The Smokey Bear Show was based on stories created for the Dell Comics Smokey the Bear comic books, which were published as part of Dell's Four Color anthology series from 1955 to 1961. The comic featured anthropomorphic animals acting out fables of carelessness and greed, including a story about two bears who are Communist spies, and another about two cynical weasels who want to feed a baby bird to a bobcat in order to sell pictures of the "tragedy" to a magazine. The series adapted the comic's tales for the show, but toned down some of the morbid content. It did not garner high ratings.

American broadcaster and voice-over artist Jackson Weaver performed the voice for the adult Smokey; the cub Smokey was voiced by Canadian actress Billie Mae Richards. Other voices were provided by Carl Banas and Paul Soles. The series' animation was outsourced to Japanese studio Toei Doga (now known as Toei Animation), who were also responsible for their overseas animation work on The King Kong Show (its international co-production with Rankin/Bass) in 1966, The Wacky World of Mother Goose in 1967, and the Thanksgiving special The Mouse on the Mayflower in 1968.

Previously, Rankin/Bass produced a General Electric Fantasy Hour television special for NBC in 1966, The Ballad of Smokey the Bear, which featured their trademark stop-motion animation called "Animagic".

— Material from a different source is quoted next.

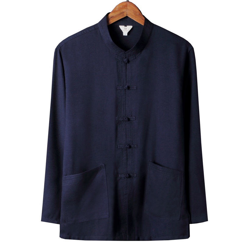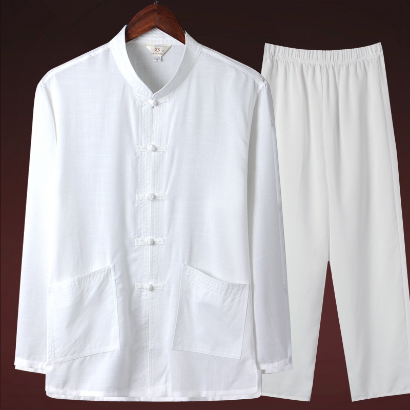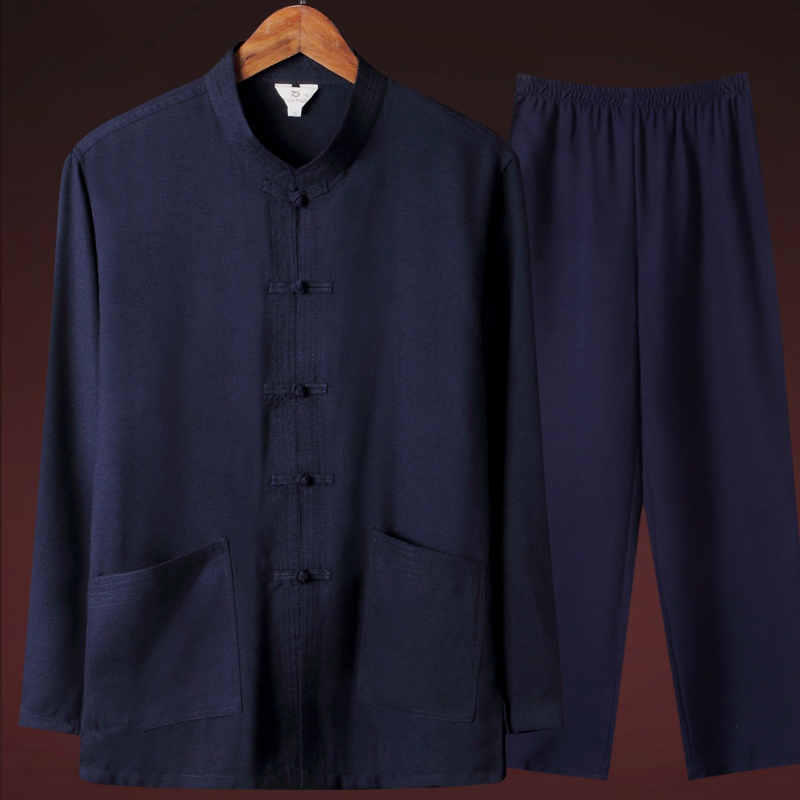 China Wind Tang Dress Men's Clothing Thin Section Middle Aged Linen Daddy Long Sleeve Suit Cotton Numb Grandpa Clothes Spring Summer Clothing

While the character is often referred to in popular culture as "Smokey the Bear" (including in the Dell Comics series), the correct name is "Smokey Bear", which is reflected in the cartoon's title and the spinoff Gold Key Comics series.

Opening
The theme song tells a brief summary of the bear's history: he was saved as a cub from a forest fire in New Mexico by a ranger, who named him Smokey and brought him to Washington, D.C. There, he became a ranger, and we see him don a ranger hat and grab his trusty shovel as he grows to a full size, adult bear. Traveling through the city in a parade, he heads for the woods with an important job to do.

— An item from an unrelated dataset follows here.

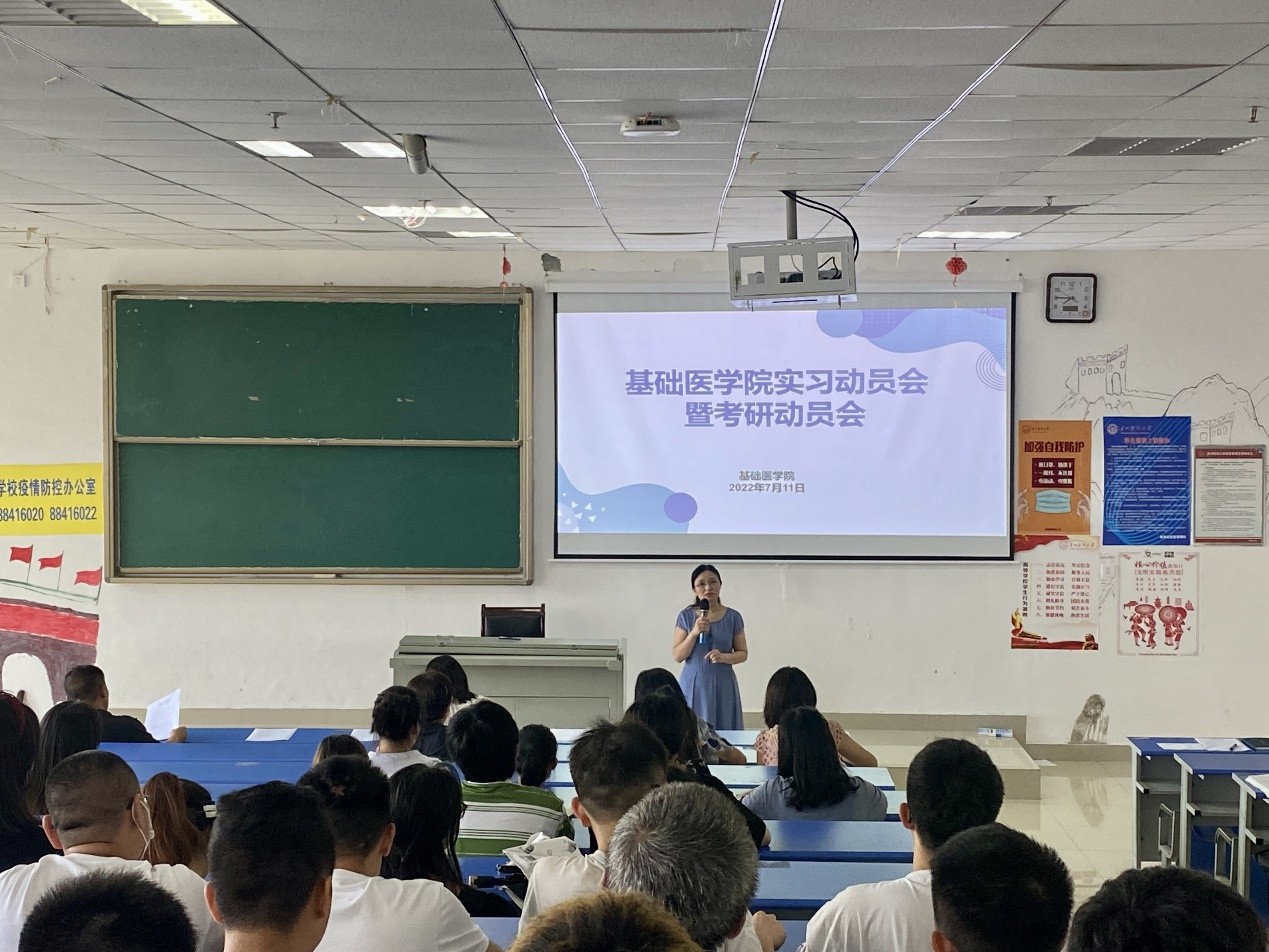 2022年7月11日,太阳成tyc33455ccwww在一栋教学楼1304教室召开2019级医学实验技术员工实习动员会暨考研动员会,公司党委副书记张贤,副经理徐红,副经理张春林,教学科研管理科老师和2018级基础医学专业员工代表、2019级医学实验技术全体同学参加会议,毕业班辅导员刘旭主持。

This reflects the true story of a real bear cub who was rescued from the May 1950 Capitan Gap Fire in New Mexico. That cub was named Smokey after the already existing ad campaign, which began in 1944. New Mexico Department of Game and Fish Ranger Ray Bell and his family adopted the cub, and nursed him back to health, with the help of a veterinarian. The story was picked up by the national news service, and upon regaining his health, the bear was taken to the National Zoo in Washington and designated the "living symbol" of Smokey Bear.

Description
Each episode contains three cartoons: two featuring Smokey as an adult bear, with the middle cartoon showing Smokey in his cub days titled "Smokey Bear's Album."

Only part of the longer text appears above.